▶ Records
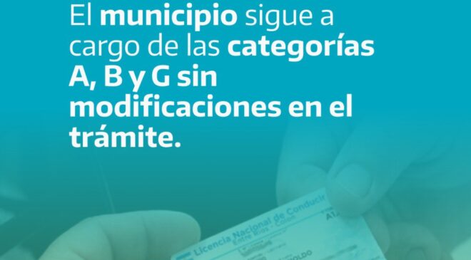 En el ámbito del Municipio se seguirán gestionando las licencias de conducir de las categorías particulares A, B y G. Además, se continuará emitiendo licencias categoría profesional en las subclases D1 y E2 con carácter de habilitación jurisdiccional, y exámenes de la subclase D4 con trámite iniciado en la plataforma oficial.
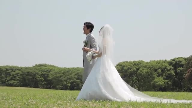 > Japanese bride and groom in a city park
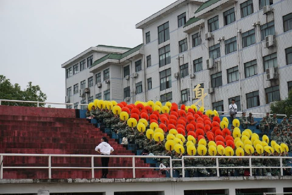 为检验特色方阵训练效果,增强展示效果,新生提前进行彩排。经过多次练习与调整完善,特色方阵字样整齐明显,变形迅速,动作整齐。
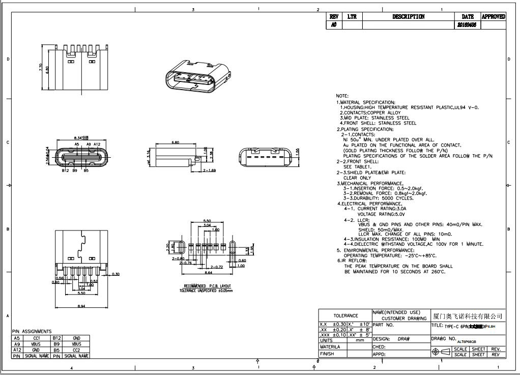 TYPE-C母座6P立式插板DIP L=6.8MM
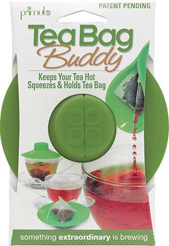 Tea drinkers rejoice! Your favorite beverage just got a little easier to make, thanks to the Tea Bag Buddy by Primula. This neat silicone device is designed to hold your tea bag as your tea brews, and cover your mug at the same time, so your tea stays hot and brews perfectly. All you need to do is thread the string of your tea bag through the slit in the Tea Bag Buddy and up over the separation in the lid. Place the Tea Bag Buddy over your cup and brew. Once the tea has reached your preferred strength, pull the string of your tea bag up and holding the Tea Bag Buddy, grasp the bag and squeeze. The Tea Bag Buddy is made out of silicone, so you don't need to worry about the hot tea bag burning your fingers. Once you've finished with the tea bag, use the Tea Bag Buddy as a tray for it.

▶ Task goal
Starting with the top line, write out all the data above exactly; keep the pictures out.

▶ Answer space
 En el ámbito del Municipio se seguirán gestionando las licencias de conducir de las categorías particulares A, B y G. Además, se continuará emitiendo licencias categoría profesional en las subclases D1 y E2 con carácter de habilitación jurisdiccional, y exámenes de la subclase D4 con trámite iniciado en la plataforma oficial.
 > Japanese bride and groom in a city park
 为检验特色方阵训练效果,增强展示效果,新生提前进行彩排。经过多次练习与调整完善,特色方阵字样整齐明显,变形迅速,动作整齐。
 TYPE-C母座6P立式插板DIP L=6.8MM
 Tea drinkers rejoice! Your favorite beverage just got a little easier to make, thanks to the Tea Bag Buddy by Primula. This neat silicone device is designed to hold your tea bag as your tea brews, and cover your mug at the same time, so your tea stays hot and brews perfectly. All you need to do is thread the string of your tea bag through the slit in the Tea Bag Buddy and up over the separation in the lid. Place the Tea Bag Buddy over your cup and brew. Once the tea has reached your preferred strength, pull the string of your tea bag up and holding the Tea Bag Buddy, grasp the bag and squeeze. The Tea Bag Buddy is made out of silicone, so you don't need to worry about the hot tea bag burning your fingers. Once you've finished with the tea bag, use the Tea Bag Buddy as a tray for it.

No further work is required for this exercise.